By Azi Ghaffari, Ph.D. and Courtney Cornick, Ph.D.
Health psychologists who work in inpatient medical settings may know that poor or irregular sleep at night and subsequent low energy during the day, as well as low mood secondary to prolonged hospitalization, are common problems for hospitalized patients. These problems can be easier to resolve in patients who have short admissions, but more difficult to address in patients who are admitted for longer periods. Moreover, depression and insomnia may sometimes result in patients not being able to participate in daily cares, treatment, or rehabilitation therapies.
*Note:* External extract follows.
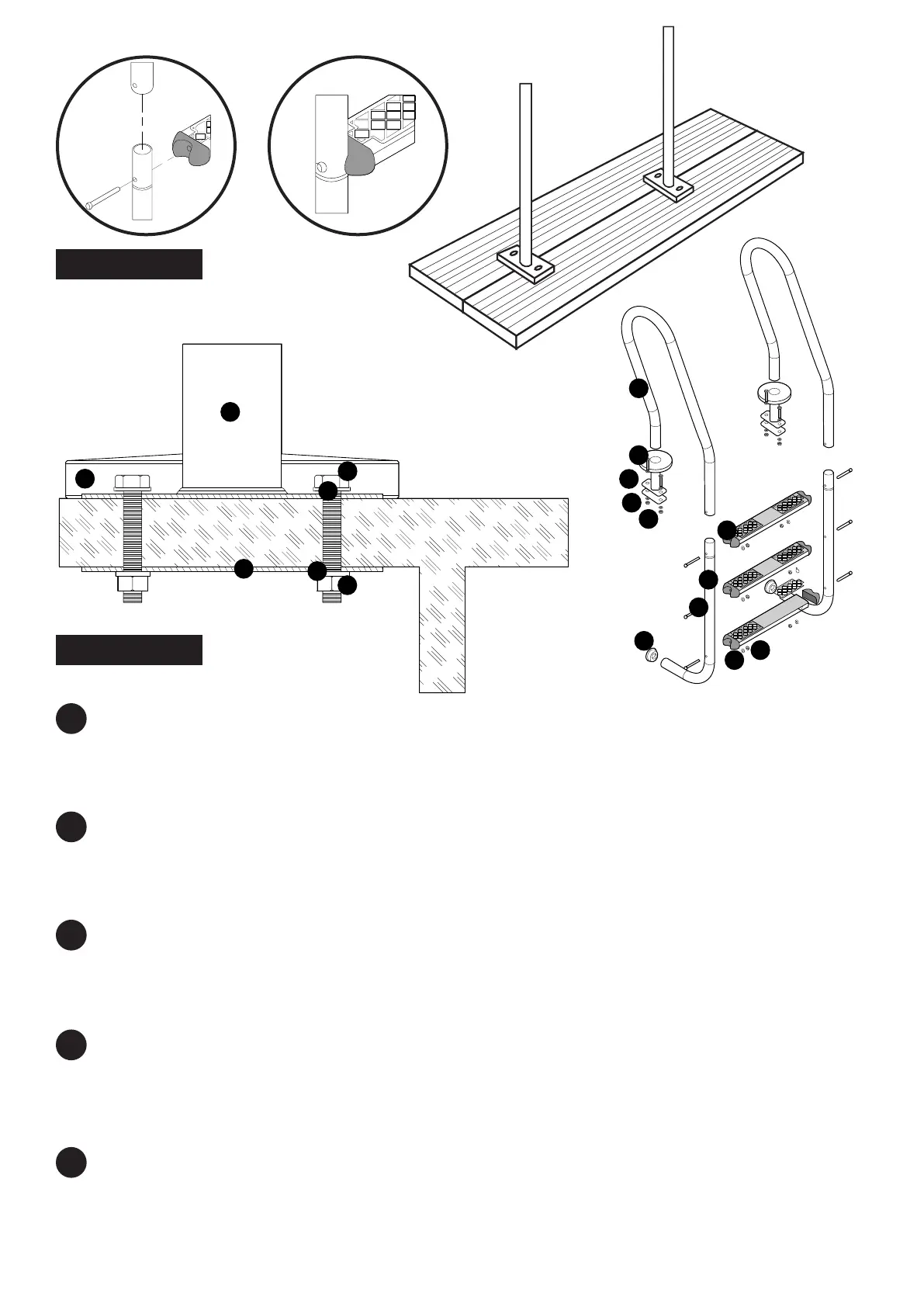 B.- Monter les butées (12) de la rampe, pour éviter que l’escalier puisse abîmer la piscine.

There are a variety of modalities (e.g., pharmacotherapy and Cognitive Behavioral Therapy; CBT) used to improve sleep and well-being of patients who are hospitalized. As health psychologists, we continue to explore more ways to assist our patients to achieve better outcomes during hospitalization in addition to optimally managing their mood and sleep. Numerous studies have explored the effectiveness of bright light therapy (BLT) to strengthen the circadian rhythm, improve sleep, and treat mood disorders (Golden et al., 2005). For example, BLT as a treatment for seasonal affective disorder has been well-established, and recent research has indicated BLT as a monotherapy and BLT in combination with fluoxetine as an effective for the treatment of nonseasonal major depressive disorder (MDD; Lam et al., 2016). Additionally, BLT is an effective intervention for the treatment of insomnia (Termen, 2007). However, few studies have investigated the degree to which BLT may predict improvement in sleep and/or mood in an inpatient setting. Furthermore, no studies have examined the impact BLT may have on the mood and sleep quality of individuals with spinal cord injury/disorders (SCI/D).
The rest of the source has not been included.